Scientists and ocean advocates stepped up warnings this week of potential dangers from chemical dispersants, as oil giant BP released unprecedented amounts of a classified and toxic chemical to thin the Gulf of Mexico oil slick before it reaches shore.
"Unfortunate recent events in the Gulf Coast have once again brought to the forefront issues pertaining to the impacts of dispersants and dispersed oil," Carys Mitchelmore, a researcher at the University of Maryland Center for Environmental Science, told the Senate Subcommittees on Oversight and Water and Wildlife.
"There's a potential for a toxic soup of unknown effects, which cannot be predicted even if the individual constituents are known."
Response teams have dumped about 436,000 gallons of a chemical dispersant, called Corexit, into the Gulf to battle the leak from BP's sunken Deepwater Horizon ruptured rig—more than has ever been used in the United States.
Some of that is being pumped 5,000 feet underwater at the site of the spill, a deepsea technique that has never been tried. The exact ingredients of chemical dispersants are protected as trade secrets and are unknown.
"Putting this right on the seabed, it's unknown what the consequences will be," said Mitchelmore.
The dispersant, a detergent-like brew of solvents, surfactants and other compounds, breaks down oil into tiny particles that scatter into the sea to prevent crude from washing ashore and wiping out wildlife.
Some analysts describe the chemical stew as a a slow and silent killer, however, quietly altering the balance of food webs, contaminating species and damaging the overall health of the oceans.
John Everett, president of Ocean Associates Inc., a Virginia-based oceans and fisheries consulting firm, said the dispersant could cause more harm than the calamitous spill itself, which is gushing oil at a pace of 210,000 gallons a day and has now exceeded the four-million gallon mark.

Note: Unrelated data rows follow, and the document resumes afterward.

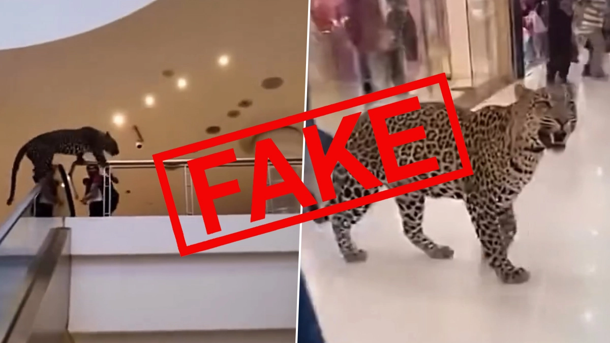 In the video, people can he heard shouting and screaming as a leopard enters a mall in Gurgaon. As the video moves further, a man is heard saying, "Bhai leopard aagaya mall me bhaag" (Brother run, leopard has come inside the mall). The viral clip shows the big cat scaring people on the first floor of the Gurgaon mall and then abruptly running on the ground floor. Another frame of the clip shows the leopard running on the escalator of the mall, thereby causing more panic among the people. Although the video appears to be true, scroll below to know its truth. Did Fishermen Really Catch a Strange Alien-Like Creature Near Australia’s Gold Coast? Fact Check Confirms Video Is AI-Generated.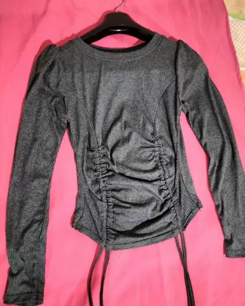 Blusa gris con ajuste. Excelente prenda para lucir tu figura, con jaretas ajustables para mejorar aún más tu figura, me gustó mucho, sólo que me quedo apretada
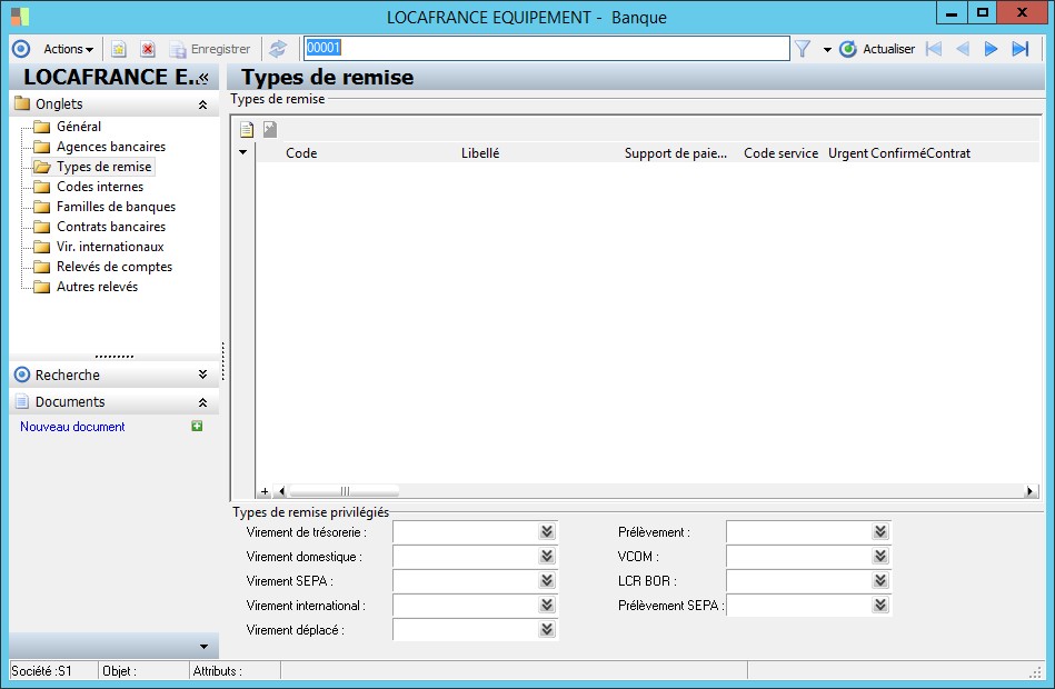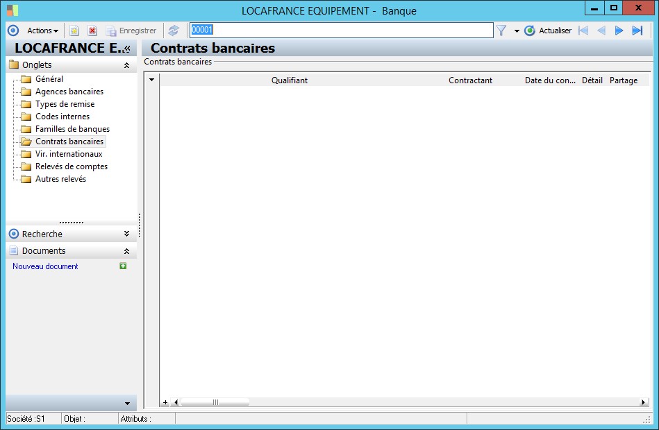Cette classe regroupe les contratsbancaires établis avec les différentes banques des sociétés. |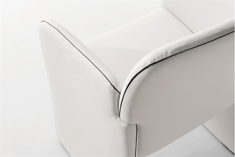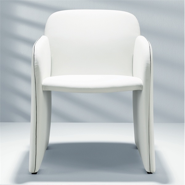 The chair from the German manufacturer Hulsta. Model with a rounded back and armrests. The frame is completely hidden. The upholstery is available in textile or leather to choose from a range of firms. Decoration is a decorative box dark or light color. A chair made in a contemporary style.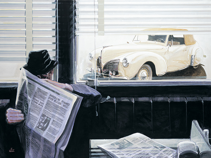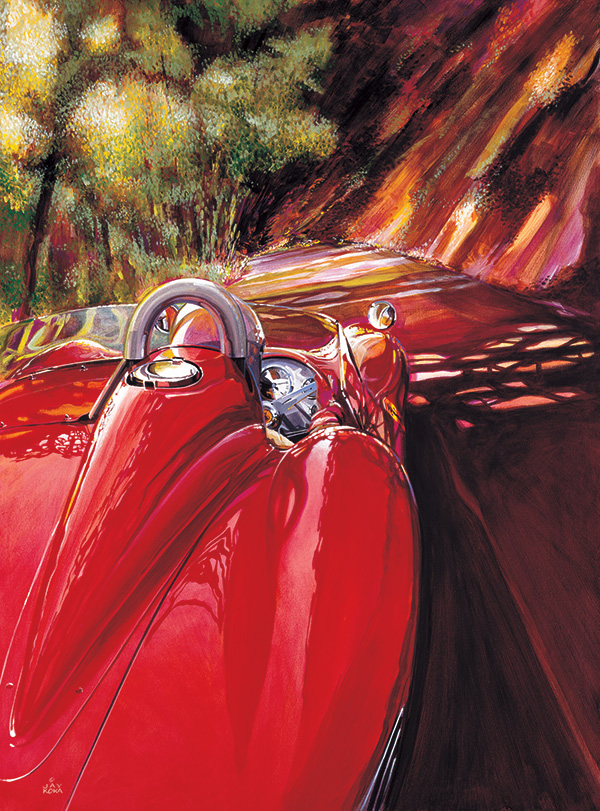This painting is more an expression of a feeling than a literal visual record of what I saw. One warm afternoon last summer (2000) I drove down this road with its steep embankments and overhanging trees that block all but small persistant patches of brilliant sunlight... I wasn't driving a Testa Rossa but the setting was magical none the less." Featuring a vintage Ferrari Testa Rossa

"The oil damage will eventually heal. Better procedures will be employed and this oil will be recycled and assimilated," Everett told Congress.
"The flow of chemical materials into our waters is another matter. There are too many insidious contaminants entering our estuaries, causing genetic harm and poisoning our Earth, turtles and seafood."
The harmful chemicals, he said, creep into the food supply and "directly impact us as well."
Soon after the April 20 oil rig blast, U.S. Environmental Protection Agency (EPA) and the U.S. Coast Guard gave BP the greenlight to spray the dispersant on the water's surface and to test it almost a mile under the sea. The chemical was pre-approved for use in the National Contingency Plan (NCP) Product Schedule.
EPA declares that it has "not given authorization for the full scale use of dispersants underwater beyond initial tests to determine its effectiveness." But that could soon change.
EPA Administrator Lisa Jackson told reporters on Wednesday that so far 28,709 gallons of dispersants had been discharged in the seabed for testing purposes. Jackson said the agency is now waiting on results to determine the chemical's effectiveness in decomposing crude at those depths. Two earlier attempts to test the site failed, she said.
"The effect of underwater dispersant still is unknown," Jackson added.
Working with EPA, National Oceanic and Atmospheric Administration (NOAA) said it was examining water samples on the seafloor near the leak.
On the sea surface, the results of EPA's most recent water samples, gathered from April 30 to May 5, showed that "water quality does not pose increased risk to aquatic life."
Speaking to the subcommittees this week, Jim Jones, deputy assistant administrator for the EPA's Office of Chemical Safety and Pollution Prevention, conceded that the dispersant being deployed "has toxicity associated with it" and that "damage has been done."
He called the tests an "environmental trade-off" between long-term harm to offshore wildlife and fragile lands if the spill were to wash ashore, and potential shorter-term damage to some sea life.
Mitchelmore, said the trade-off is simply the "protection of one habitat...at the cost of another."
"In this case, the protection of shoreline species at the expense of organisms residing in the water column and potentially also those at the seabed," she added.
In regard to Corexit, Mitchelmore said, "limited prior toxicological information exists to fully assess risks to exposed organisms."
But both oil and oil spill dispersants are known to cause a variety of health effects in animals, she added, "including death and a variety of sublethal impacts including reduced growth, reproduction, cardiac dysfunction, immune system suppression, carcinogenic, mutagenic and teratogenic effects and alterations in behavior."
Jackson said that Corexit is at most one-tenth "as toxic as oil."
Fishing advocacy groups, meanwhile, such as the eight-state Southern Shrimp Alliance (SSA), are fearful of long-lasting effects of a chemical that could eat away at their livelihoods.
"SSA welcomes testing sediments in the water column as a good first step, but fear the 'act now, check later' approach being taken with dispersants," said John Williams, the group's executive director. "These chemicals relocate the oil from the shores to the water column where it will be spread by currents to vital reproductive grounds throughout the western Gulf of Mexico."